Relationship Management - A method for developing long-term associations with customers.
Reliability - Propensity for failure of a product or component. The probability that an item will continue to function at customer expectation levels at a measurement point, under specified environmental and duty cycle conditions. The ability of an item to perform a required function under stated conditions.
Reliability Engineering - Engineering function dealing with the principles and practices related to the design, specification, assessment, and achievement of product or system reliability requirements and involving aspects of prediction, evaluation, production, and demonstration
Replications - Number of runs of an experiment.
Residual - The difference between a datum and the value predicted for it by a model. If linear regression is performed properly, the sum of the residuals from the regression line must be zero; otherwise, there is a computational error somewhere.
Residual Error - Experimental error
Response Surface Modeling - A process or product optimization technique, related to factorial experiments, that uses a “contour map” of the output variable as a function of two input variables. This map gives a way to discover and specify conditions of robust product and process performance.

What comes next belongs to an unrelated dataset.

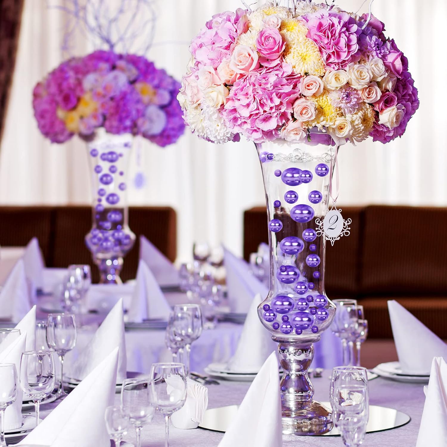 150 Pieces Vase Filler Faux Pearls Vase Makeup Beads No Hole Gloss Bead Mixed Sizes Round Pearl for Home Party Wedding Decor, 8/14/20 mm(Purple)

Responsibility - A duty or obligation. In work, often those tasks, functions, processes or results which have been assigned to the individual which the individual is expected to do or to manage. In systems thinking, it is recognized that the "assignment of responsibility" does not mean that the "responsible" person or group of people actually has control over all the factors that affect the outcome. Too often, individuals or groups are blamed or credited undeservedly for the effects of the system (also see Accountability).
Responsiveness - A dimension of service quality that refers to the willingness of the service provider to be helpful and prompt in providing service.
Reprocess - taking a material (in-spec or out-of-spec) and reintroducing it to an existing (validated) process.
Reverse Engineering - The process of dismantling a competitor’s products to understand the strengths and weaknesses of the designs.
Reward System - In some cases this may refer only to such tangible elements as compensation and benefits, but typically this term also includes such intangible "rewards" as formal and informal recognition, praise or criticism, "perks", differential treatment by supervisors, being "included", access to information and many other considerations. Reward systems are powerful influences on organizational and employee behavior and need careful consideration and design to assure alignment with the aim and principles of the organization.
Rework - Activity or effort required to convert an otherwise unacceptable outcome of a process into an acceptable outcome.
Robust - A product or service designed in such a way that it can be readily produced in the presence of variation without defects or costly process treatment and with little variation or, to be designed to function properly in the presence of environmental variation.
Robust Design - Designing such that an increase in variability will not result in defective products.
Robust Process - A process with output variability that is not sensitive to the normal variation from its input variables.
Rolled Throughput Yield - aka - RTY
Root Cause - To prevent continuing recurrence of an undesirable outcome, problem-solvers need to "peel back the layers" to find the underlying or "root" causes. One technique for doing this is to ask "why did this happen?" And then to the reply to that question, ask "why?" Again. By the process of asking "why?" Several times in this fashion, one gets closer to the root cause. The early answers to the inquiries are more likely to be symptoms of more fundamental problems.
Root Cause Analysis - Study of original reason for nonconformance with a process. When the root cause is removed or corrected, the nonconformance will be eliminated.